Sunday, January 11, 2009

Vacillating

My motivation and mood is so labile these days. That is, sometimes I am happy, purposeful, motivated, yet sometimes Griselda dominates. I hate this time of year. I hate it, hate it, hate it. Today, I experienced despair and industriousness. Weird.

Sundays are not my own - I dedicate them to clubs and such. I go to church, I take care of the house, and now I go back to the Kansas City Wind Symphony. While giving of my time is difficult (I am selfish - I want to wallow in myself), I ultimately find these experiences rewarding.

To me, the need to get outside myself is one way God is manifest in my life. It is one way the teachings of Jesus makes sense. Sure, I can live myself all wrapped up in myself and my doings, but how much better life is when I live for others. This is living life abundantly. It is against human nature to do so....yet, yet... I am called to try anyway.

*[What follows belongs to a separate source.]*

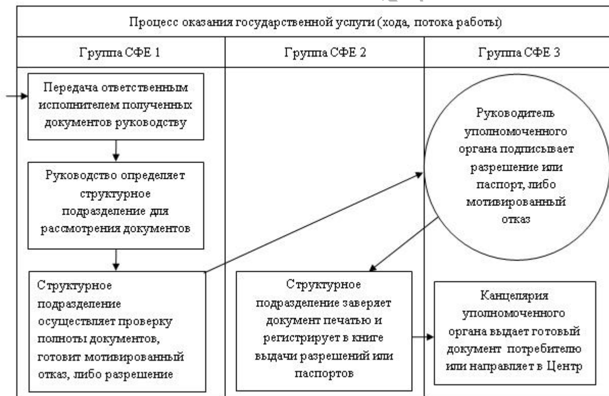
Схема, отражающая взаимосвязь между логической последовательностью административных действий

Last week at church, I received a little paper star with a word on it. Everyone in the congregation got one. This word was supposed to be a message for us for this time or this year. The sermon had to do with new year and new beginning, and this was part of the teaching. Maybe it was random, but maybe - and I like to think it is - maybe God uses the little messages to communicate to us.

My word was "sanctification."

I was disappointed. First of all I wasn't sure I knew what it meant; I had to look it up on Google and found that it has to do with several dimensions of making something holy. One's self, a place, an object - all of these things can be sanctified.

But what does this mean for me? I am not an especially ritualistic person when it comes to religion. I don't really believe there are holy things or places or people in this world. Indeed, God is holy, but things of this earth, are in fact things of this earth. Holiness is an attitude here. I wanted a word that gave me inspiration, that gave me a task, that gave me a purpose. I got a word that left me baffled.

Sanctification. Do I need to make my life more holy? Do I need to seek out the holy? And what would it mean if I regarded certain things holy? How would that change how I act or think?

Sanctification.

I guess the little message has done its job. I am pondering it.